Réaction à l’émission de Radio Aligre sur le droit du travail

dimanche 28 décembre 2014
par  Yves Montenay

Suite à la publication de l’émission de Radio Aligre sur le droit du travail, Yves Montenay qui fut responsable de plusieurs PME nous envoie la réaction ci-dessous qui prête évidemment à débat.


***


Tout d’abord je me présente : j’ai passé 27 ans dans diverses entreprises, dans des postes extrêmement variés dont celui de DRH. J’ai toujours été soit le propriétaire, soit proche du propriétaire de l’entreprise. Il s’agissait de TPE ou de PME, et même dans la plus grande d’entre elles, c’était en pratique une fédération d’entreprises autonomes, la DRH n’ayant qu’une fonction d’information et de dialogue.

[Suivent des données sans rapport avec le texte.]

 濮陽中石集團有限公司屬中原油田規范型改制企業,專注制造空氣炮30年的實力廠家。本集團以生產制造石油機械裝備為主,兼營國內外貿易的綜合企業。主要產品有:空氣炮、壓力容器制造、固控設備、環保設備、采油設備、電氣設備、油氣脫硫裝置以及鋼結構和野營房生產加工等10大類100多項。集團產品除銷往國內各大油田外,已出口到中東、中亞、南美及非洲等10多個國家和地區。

J’interviens après cette émission pour deux raisons :

- d’abord parce que je trouve sympathique l’objet de « l’association pour une constituante » et notamment sa remarque « trouvez-vous que les élus (et je rajouterais les « décideurs en général ») sont réellement représentatifs des citoyens ? »

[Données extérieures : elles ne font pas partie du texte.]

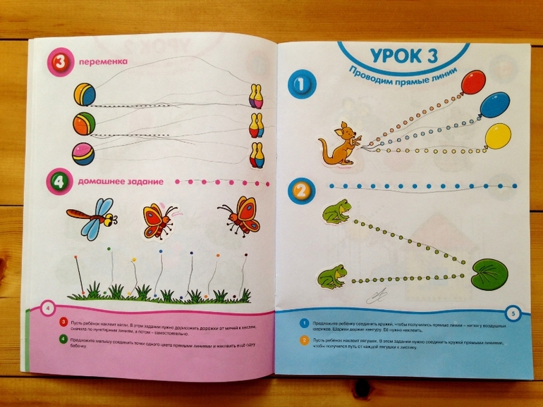 В этой книжке 8 уроков, каждый выполнен в едином цветовом решении и включает в себя два задания на какую-то новую тему, переменку с отвлеченным заданием и домашнее задание для закрепления пройденного, так сказать. На мой взгляд, задания направлены на подготовку руки к письму: много заданий-проводилок различных линий и дорожек. Практически все задания дополнены наклейками.

- ensuite parce que le droit du travail concerne autant les entreprises que les salariés.

D’abord un rappel de mon expérience :

J’ai toujours veillé à ce qu’il y ait des élus du personnel, car je pense que c’est utile à tout le monde : tant les salariés que leurs dirigeants sont obligés de sortir d’une sorte de vase clos où l’on finit par perdre le sens des réalités. L’absence de dialogue est fatale à de nombreuses entreprises, soit parce que leurs dirigeants ne sont pas au courant des problèmes de leur personnel, soit parce que des salariés coulent l’entreprise par ignorance de ses problèmes. C’est en gros lié à la taille de l’entreprise : jusque vers une douzaine de personnes, tout le monde se parle tous les jours et le dialogue se fait informellement.

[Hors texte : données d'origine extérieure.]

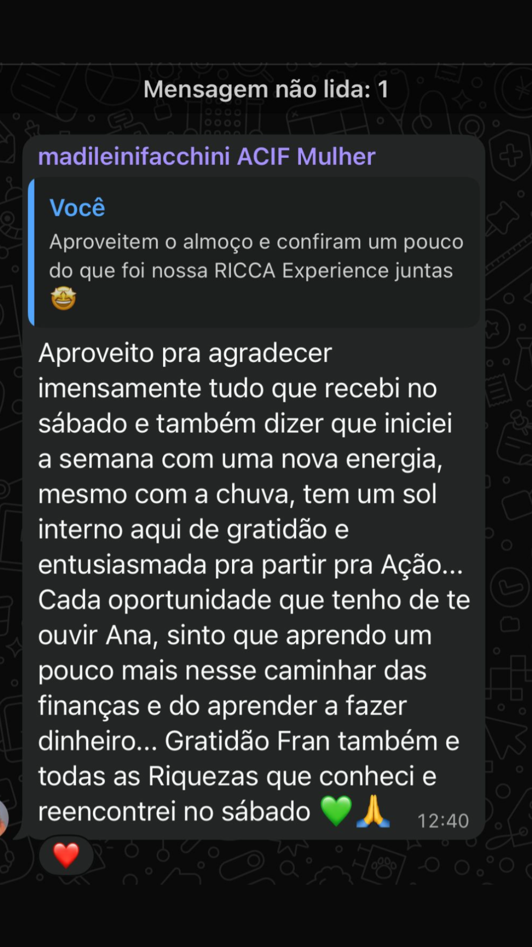 CONFIRA COMO FOI O RICCA EXPERIÊNCIA

Que le dialogue soit informel ou qu’il passe par des membres du personnel élus, les PME sont très loin tant du Medef que des syndicats de salariés. Ils sont considérés comme loin des problèmes réels et concrets, tant côté patron que côté employés. On ne se sent pas donc représenté par ceux qui parlent en notre nom. Je n’ai jamais eu de contact avec la hiérarchie du Medef censée me représenter, et les délégués syndicaux agaçaient considérablement les élus du personnel. Je rappelle que ces délégués ne sont pas élus, mais nommés par les syndicats, qui sont des organisations extérieures à l’entreprise, mais à qui la loi donne le droit d’intervenir et de négocier dans des domaines importants. Bref, syndicats et salariés ne sont pas synonymes, Medef et entreprise pas davantage.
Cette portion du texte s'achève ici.